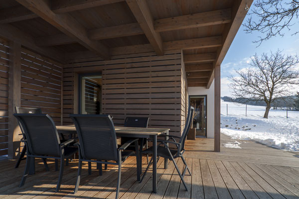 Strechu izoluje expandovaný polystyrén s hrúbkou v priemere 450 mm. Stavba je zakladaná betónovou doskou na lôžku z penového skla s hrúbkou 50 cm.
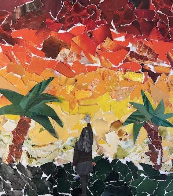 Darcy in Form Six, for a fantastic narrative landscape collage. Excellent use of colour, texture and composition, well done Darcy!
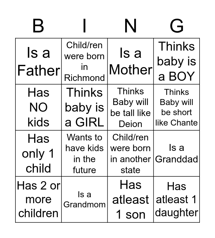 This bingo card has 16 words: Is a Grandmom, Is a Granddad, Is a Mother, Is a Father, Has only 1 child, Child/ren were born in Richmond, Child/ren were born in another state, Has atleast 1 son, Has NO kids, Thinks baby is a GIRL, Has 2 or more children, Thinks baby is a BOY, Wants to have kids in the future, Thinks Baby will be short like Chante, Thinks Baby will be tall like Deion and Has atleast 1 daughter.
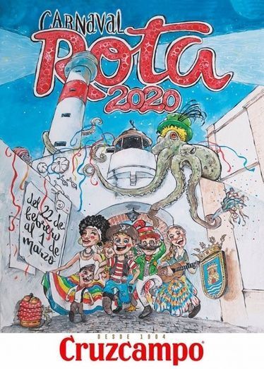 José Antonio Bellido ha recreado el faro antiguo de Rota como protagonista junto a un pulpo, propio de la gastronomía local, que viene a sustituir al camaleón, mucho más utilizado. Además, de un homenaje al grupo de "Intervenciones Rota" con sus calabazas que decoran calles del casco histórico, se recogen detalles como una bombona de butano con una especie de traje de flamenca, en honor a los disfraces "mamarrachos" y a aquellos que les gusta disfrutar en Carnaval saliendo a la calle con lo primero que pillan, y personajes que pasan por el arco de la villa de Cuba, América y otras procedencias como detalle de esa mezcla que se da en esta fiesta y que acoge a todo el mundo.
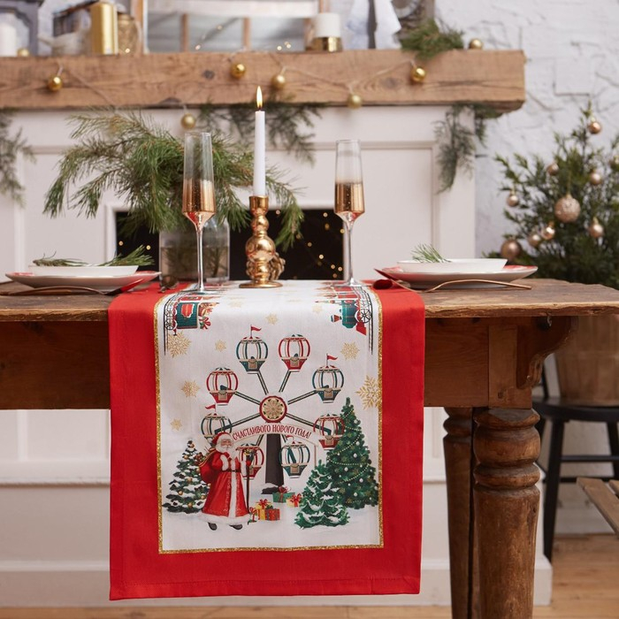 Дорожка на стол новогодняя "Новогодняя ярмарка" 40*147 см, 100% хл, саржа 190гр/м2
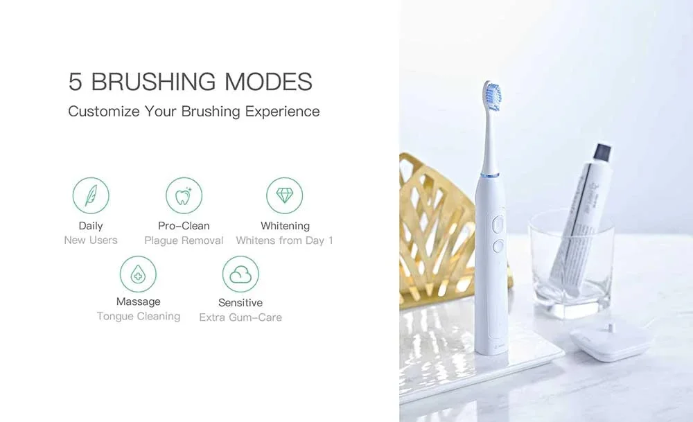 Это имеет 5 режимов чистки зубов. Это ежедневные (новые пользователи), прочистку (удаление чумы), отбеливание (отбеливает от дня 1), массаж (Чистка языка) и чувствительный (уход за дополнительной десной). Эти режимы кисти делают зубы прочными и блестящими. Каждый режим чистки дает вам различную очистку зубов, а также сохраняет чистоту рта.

--

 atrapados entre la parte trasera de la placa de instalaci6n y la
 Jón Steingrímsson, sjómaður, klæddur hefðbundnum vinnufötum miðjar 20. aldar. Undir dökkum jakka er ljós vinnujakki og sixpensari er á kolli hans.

---

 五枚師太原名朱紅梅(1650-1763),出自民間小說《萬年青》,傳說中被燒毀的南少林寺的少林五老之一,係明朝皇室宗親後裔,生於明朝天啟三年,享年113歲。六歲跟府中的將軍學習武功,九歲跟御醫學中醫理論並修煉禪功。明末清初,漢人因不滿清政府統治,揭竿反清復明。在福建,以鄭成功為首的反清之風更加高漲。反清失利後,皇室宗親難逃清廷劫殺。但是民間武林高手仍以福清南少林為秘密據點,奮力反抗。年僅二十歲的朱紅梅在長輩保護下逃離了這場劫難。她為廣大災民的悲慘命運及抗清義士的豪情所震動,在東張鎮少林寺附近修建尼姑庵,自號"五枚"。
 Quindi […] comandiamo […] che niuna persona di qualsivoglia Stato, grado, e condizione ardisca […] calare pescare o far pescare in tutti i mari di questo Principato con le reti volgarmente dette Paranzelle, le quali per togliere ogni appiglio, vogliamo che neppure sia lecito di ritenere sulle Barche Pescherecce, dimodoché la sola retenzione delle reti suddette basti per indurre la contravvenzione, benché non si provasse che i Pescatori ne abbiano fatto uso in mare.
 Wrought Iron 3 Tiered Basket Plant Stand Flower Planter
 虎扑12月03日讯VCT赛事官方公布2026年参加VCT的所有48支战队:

* **WHAT IS NEEDED**
Would you write out exactly the lines above, starting at the line containing "Strechu izoluje expandovaný" and stopping after the line containing "This bingo card"? Omit the pictures.

* **EXERCISE SOLUTION**
 Strechu izoluje expandovaný polystyrén s hrúbkou v priemere 450 mm. Stavba je zakladaná betónovou doskou na lôžku z penového skla s hrúbkou 50 cm.
 Darcy in Form Six, for a fantastic narrative landscape collage. Excellent use of colour, texture and composition, well done Darcy!
 This bingo card has 16 words: Is a Grandmom, Is a Granddad, Is a Mother, Is a Father, Has only 1 child, Child/ren were born in Richmond, Child/ren were born in another state, Has atleast 1 son, Has NO kids, Thinks baby is a GIRL, Has 2 or more children, Thinks baby is a BOY, Wants to have kids in the future, Thinks Baby will be short like Chante, Thinks Baby will be tall like Deion and Has atleast 1 daughter.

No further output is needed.